The testimony from Sister Helen Prejean, an influential opponent of capital punishment who was made famous after being portrayed in the film "Dead Man Walking," capped Tsarnaev's defense team's case against sending him to execution.
Prejean, who helps run an organization called Ministry Against the Death Penalty, recalled having a conversation with Tsarnaev in which he appeared remorseful. The March meeting was the first of five between the two as part of her work trying to help "people who have done terrible crimes" come to grips with their actions and take some responsibility, she said.
Prejean and Tsarnaev talked about Islam, Christianity, his crimes and his victims, she said. He seemed sincere, she said, when he spoke of the people who had been killed and injured in the April 15, 2013 bombings at the race's finish line. Looking at his face and listening to the pained tone of his voice, Prejean said, she believed Tsarnaev "was genuinely sorry for what he did."

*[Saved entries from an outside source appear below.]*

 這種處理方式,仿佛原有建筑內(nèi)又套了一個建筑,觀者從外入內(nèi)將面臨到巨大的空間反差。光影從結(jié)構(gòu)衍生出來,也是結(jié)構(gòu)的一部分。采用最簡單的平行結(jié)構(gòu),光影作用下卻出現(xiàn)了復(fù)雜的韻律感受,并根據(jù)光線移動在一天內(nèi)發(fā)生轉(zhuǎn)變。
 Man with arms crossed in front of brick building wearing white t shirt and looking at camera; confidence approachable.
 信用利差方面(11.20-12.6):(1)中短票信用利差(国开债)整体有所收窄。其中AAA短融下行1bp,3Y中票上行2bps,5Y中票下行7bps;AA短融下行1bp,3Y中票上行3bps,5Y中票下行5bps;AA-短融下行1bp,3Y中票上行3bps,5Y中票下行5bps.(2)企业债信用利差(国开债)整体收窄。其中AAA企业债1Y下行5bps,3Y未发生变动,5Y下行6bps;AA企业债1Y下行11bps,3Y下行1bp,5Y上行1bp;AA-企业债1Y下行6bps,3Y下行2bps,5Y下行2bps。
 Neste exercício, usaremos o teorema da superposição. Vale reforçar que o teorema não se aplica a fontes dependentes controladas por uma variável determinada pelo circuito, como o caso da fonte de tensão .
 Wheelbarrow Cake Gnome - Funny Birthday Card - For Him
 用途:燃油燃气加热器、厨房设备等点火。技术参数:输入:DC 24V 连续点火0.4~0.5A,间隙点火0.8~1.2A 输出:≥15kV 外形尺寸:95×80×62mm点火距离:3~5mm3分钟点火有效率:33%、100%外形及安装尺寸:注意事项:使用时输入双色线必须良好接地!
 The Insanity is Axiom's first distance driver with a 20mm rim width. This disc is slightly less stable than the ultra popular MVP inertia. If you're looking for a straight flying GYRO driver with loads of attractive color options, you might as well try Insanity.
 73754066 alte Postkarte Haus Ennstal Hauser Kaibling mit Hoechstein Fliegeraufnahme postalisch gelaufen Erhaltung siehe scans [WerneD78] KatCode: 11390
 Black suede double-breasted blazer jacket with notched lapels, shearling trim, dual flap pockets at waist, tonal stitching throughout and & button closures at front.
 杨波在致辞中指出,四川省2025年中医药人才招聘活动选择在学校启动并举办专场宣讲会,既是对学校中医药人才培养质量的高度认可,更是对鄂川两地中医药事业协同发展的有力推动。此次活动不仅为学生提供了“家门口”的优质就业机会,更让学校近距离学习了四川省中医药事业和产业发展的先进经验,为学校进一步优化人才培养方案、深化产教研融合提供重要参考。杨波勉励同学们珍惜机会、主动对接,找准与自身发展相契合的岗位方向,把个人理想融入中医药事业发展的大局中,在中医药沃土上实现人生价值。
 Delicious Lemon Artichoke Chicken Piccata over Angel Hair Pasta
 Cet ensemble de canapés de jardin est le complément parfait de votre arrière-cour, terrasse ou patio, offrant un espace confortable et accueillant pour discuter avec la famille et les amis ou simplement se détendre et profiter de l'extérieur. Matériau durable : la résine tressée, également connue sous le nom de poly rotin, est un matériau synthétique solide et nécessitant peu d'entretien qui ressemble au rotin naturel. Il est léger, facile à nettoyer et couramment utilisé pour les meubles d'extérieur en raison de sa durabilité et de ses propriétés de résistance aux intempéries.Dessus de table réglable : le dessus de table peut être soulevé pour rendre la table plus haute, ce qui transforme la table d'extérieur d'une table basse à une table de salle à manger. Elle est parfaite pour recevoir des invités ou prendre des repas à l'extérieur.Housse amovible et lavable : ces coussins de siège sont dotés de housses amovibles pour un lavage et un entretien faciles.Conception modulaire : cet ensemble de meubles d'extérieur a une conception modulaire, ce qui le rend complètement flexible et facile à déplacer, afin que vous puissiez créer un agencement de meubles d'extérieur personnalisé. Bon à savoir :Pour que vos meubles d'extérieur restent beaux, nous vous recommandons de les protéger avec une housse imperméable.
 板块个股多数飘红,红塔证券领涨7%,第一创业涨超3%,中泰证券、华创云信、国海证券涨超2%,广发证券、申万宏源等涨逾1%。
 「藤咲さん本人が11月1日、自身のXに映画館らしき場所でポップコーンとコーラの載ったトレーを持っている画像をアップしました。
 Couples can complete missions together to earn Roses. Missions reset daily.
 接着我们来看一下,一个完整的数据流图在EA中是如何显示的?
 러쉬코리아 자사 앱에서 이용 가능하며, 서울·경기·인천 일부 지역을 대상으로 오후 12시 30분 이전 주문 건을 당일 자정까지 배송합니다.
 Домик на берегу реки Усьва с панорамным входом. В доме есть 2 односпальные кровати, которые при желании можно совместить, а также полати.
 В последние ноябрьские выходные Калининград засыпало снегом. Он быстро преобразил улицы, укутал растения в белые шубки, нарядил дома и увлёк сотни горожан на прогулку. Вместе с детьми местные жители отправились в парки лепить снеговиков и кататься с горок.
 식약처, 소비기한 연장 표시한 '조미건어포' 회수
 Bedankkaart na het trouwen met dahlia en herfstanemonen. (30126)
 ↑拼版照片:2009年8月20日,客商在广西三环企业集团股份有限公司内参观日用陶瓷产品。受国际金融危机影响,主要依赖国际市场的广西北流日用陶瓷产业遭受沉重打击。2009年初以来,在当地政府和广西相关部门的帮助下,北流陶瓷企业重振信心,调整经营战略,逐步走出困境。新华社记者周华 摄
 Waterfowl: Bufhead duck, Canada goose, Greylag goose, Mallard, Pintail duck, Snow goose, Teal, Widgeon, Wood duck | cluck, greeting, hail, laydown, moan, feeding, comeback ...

Tsarnaev, 21, has not expressed remorse publicly, however, and he did not take the stand in his own defense. He was convicted of all 30 counts against him for the bombing and the violence that followed, including the murder of an MIT police officer and a shootout with police in which his older brother and co-conspirator, Tamerlan Tsarnaev, 26, was killed.
Dzhokhar Tsarnaev's lawyers have tried to persuade the jury that he was manipulated by his brother, a radical Muslim, and should be sentenced to life in prison without parole.
Prosecutors, seeking the death penalty, have argued that Dzhokar Tsarnaev was a willing and equal partner in the crimes.
The jury is expected to begin deliberating on Tsarnaev's fate later this week, after both sides make their closing arguments.
With Prejean's testimony, the defense announced it had rested its case. Prosecutors followed with a rebuttal, calling and FBI agent and warden of the "supermax" prison where Tsarnaev would likely spend the rest of his life if spared the death penalty. Both talked about restrictions he'd face as a convicted terrorist, and the possibility of his earning more privileges.
With both sides finished arguing their cases, the penalty phase of the trial now proceeds to closing arguments, which will be held Wednesday. After that, the jury will begin deliberating.